Perianth Phyllotaxis Is Polymorphic in the Basal Eudicot Anemone and Eranthis Species

Abstract

Floral organs are clade-specifically arranged to either spiral or whorled (concentric circles) phyllotaxis. The basic number (merosity) of perianth organs within a whorl is limited to three in most monocots and to four or five in most eudicots. Although the Fibonacci number (3, 5) of merosity is well-known to agree with that of the spirals in phyllotaxis, the evolutionary relationship between whorls and spiral phyllotaxis remains unclear. Focusing on aestivation (the relative positioning of margins of flower organs in the bud) to capture phyllotaxis including merosity of whorled flowers, trimerous-whorled flowers and spiral ones coexist within populations with intraspecific variation in organ numbers. In addition, a recent mathematical model showed that tetramerous and pentamerous whorls developed from spiral organ initiation by incorporating a post-meristematic organ displacement, depending on the interaction among organ primordia. Therefore, integrating the variation of aestivation with the spiral-to-whorl development may elucidate the underlying mechanism of the continuous spiral-whorl relationship with the merosity diversification. Here, we showed that the aestivation of perianth organs (tepals) of mature flowers was intra-specifically variable but constrained in wild populations of several Anemone and Eranthis species (Ranunculaceae); the spiral arrangements coexisted within a small population, with dimerous, trimerous, tetramerous, and pentamerous double-whorled arrangements, despite considerable possibilities in the geometry. We determined mathematically that most of these constrained aestivations of 5 to 11-tepaled flowers emerge upon the spiral phyllotaxis with a divergence angle between subsequent organs of 90−102° or 135−144° (known as the Lucas and Fibonacci angles, respectively).

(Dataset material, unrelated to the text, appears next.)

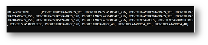 - < Algorithm name>: Algorithm used to encrypt the data. The supported algorithms are shown below.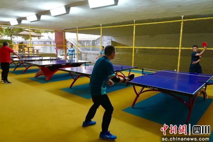 教室旁邊的乒乓球館同樣人氣爆棚,借用富樂(lè)大橋底面搭建的場(chǎng)館頂部,四周全圍欄防護(hù),200平方米的空間內(nèi),鋪設(shè)了嶄新的塑膠地面,5張球臺(tái)可供10人同時(shí)競(jìng)技。場(chǎng)館外的休息長(zhǎng)椅和儲(chǔ)物柜更顯貼心。居民們揮拍對(duì)打,喝彩聲與球拍撞擊聲交織成社區(qū)熱鬧旋律。

Incorporating the post-meristematic organ displacement into the model, double-whorled arrangements work as templates to form multiple whorls, the merosity of which is stabilized to trimery, tetramery, or pentamery depending on the divergence angle. These results demonstrate that spiral phyllotaxis promotes the constrained coexistence of whorl and spiral rather than their interspecific dichotomy. This polymorphic phyllotaxis provides an evolutionary scenario in which the floral bauplans of angiosperms could be differentiated into tri-, tetra- and penta-radial symmetries.